Adding metadata for scientist-derived data¶

In the process of running analysis on Code Ocean, users often end up saving derived data to track additional analysis inputs beyond the main experimental data assets - we call this scientist-derived data. This data is typically one of two types: outputs of a prior analysis step or non-AIND data that have been imported for comparison or integration.

Storage locations¶

For scientist-derived data that is relatively stable (won’t be replace often), store the data as an internal data asset. This lets it be shared easily across capsules and users, and the immutability helps ensure reproducible results.

If the data comes from early-stage analysis and requires significant iteration, it makes sense to start by using the capsule filesystem instead[1]. Be sure to organize your data in subfolders that will eventually become data assets.

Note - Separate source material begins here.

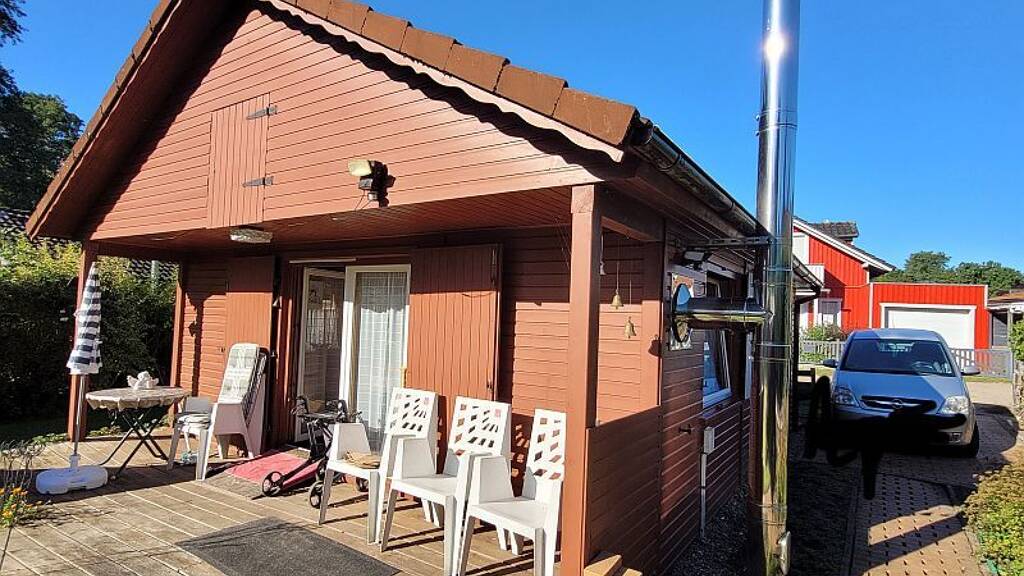 Holzhaus: Baujahr: 1993 Wohnfläche: ca. 38 m² Grundstück: 262 m² Räume: Wohn-/Essbereich mit Küche, Schlafzimmer, Bad, zusätzlicher Bereich unter der kleine Dachschräge Kaminofenheizung Aktuell vermietet (385 € mtl.)
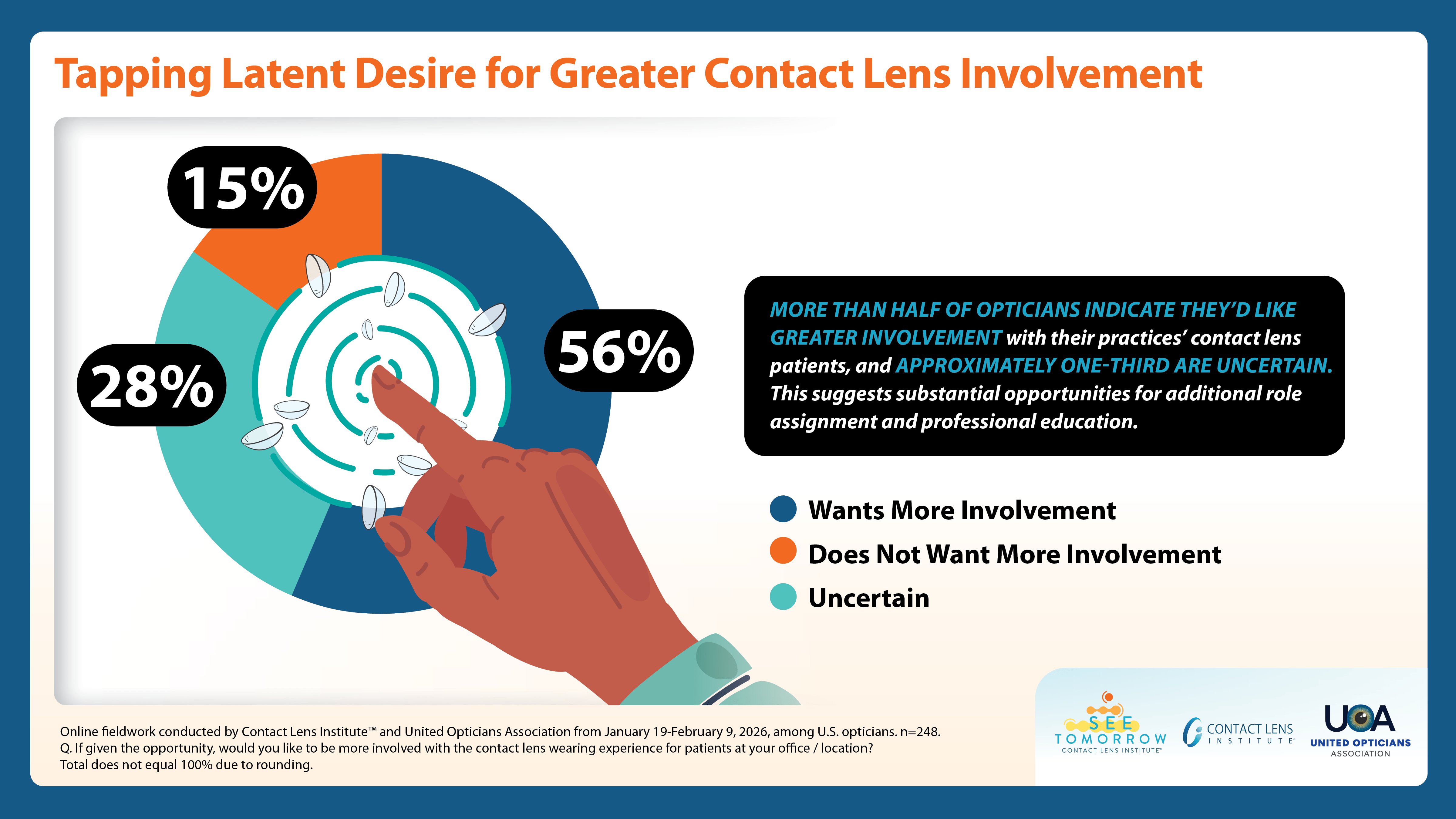 Greater professional education may prove valuable. About half of opticians (48%) say their knowledge of contact lenses is the same as spectacle frames and lenses, although 38% report they know moderately or significantly less. And when given the opportunity, 56% say they would like to be more involved in the contact lens patient wearing experience, yet 28% say they are uncertain.

If you need to iterate often and also share across capsules, external data assets using aind-scratch-data may be a solution - discuss with a SciComp team member.[2]

Adding metadata¶

If scientist-derived data contributes to published results, it must be transferred to the open data bucket with complete metadata prior to publication (publication standards).

This consists of the following steps:

1. copy or create the data into a capsule folder
1. add metadata files (more detail below)
1. create a data asset from the Code Ocean UI or API
1. file an issue to request transfer of the asset to aind-open-data.

Steps 1-3 can be scripted end-to-end within a Code Ocean capsule copied from the metadata template capsule, or scripts to add metadata can be added to an existing analysis capsule based on the snippets below.

Metadata for intermediate results¶

For derived data originating from AIND processing or analysis, both data description and processing metadata are required. This metadata is saved automatically by established processing pipelines, but must be added explicitly to scientist-derived data.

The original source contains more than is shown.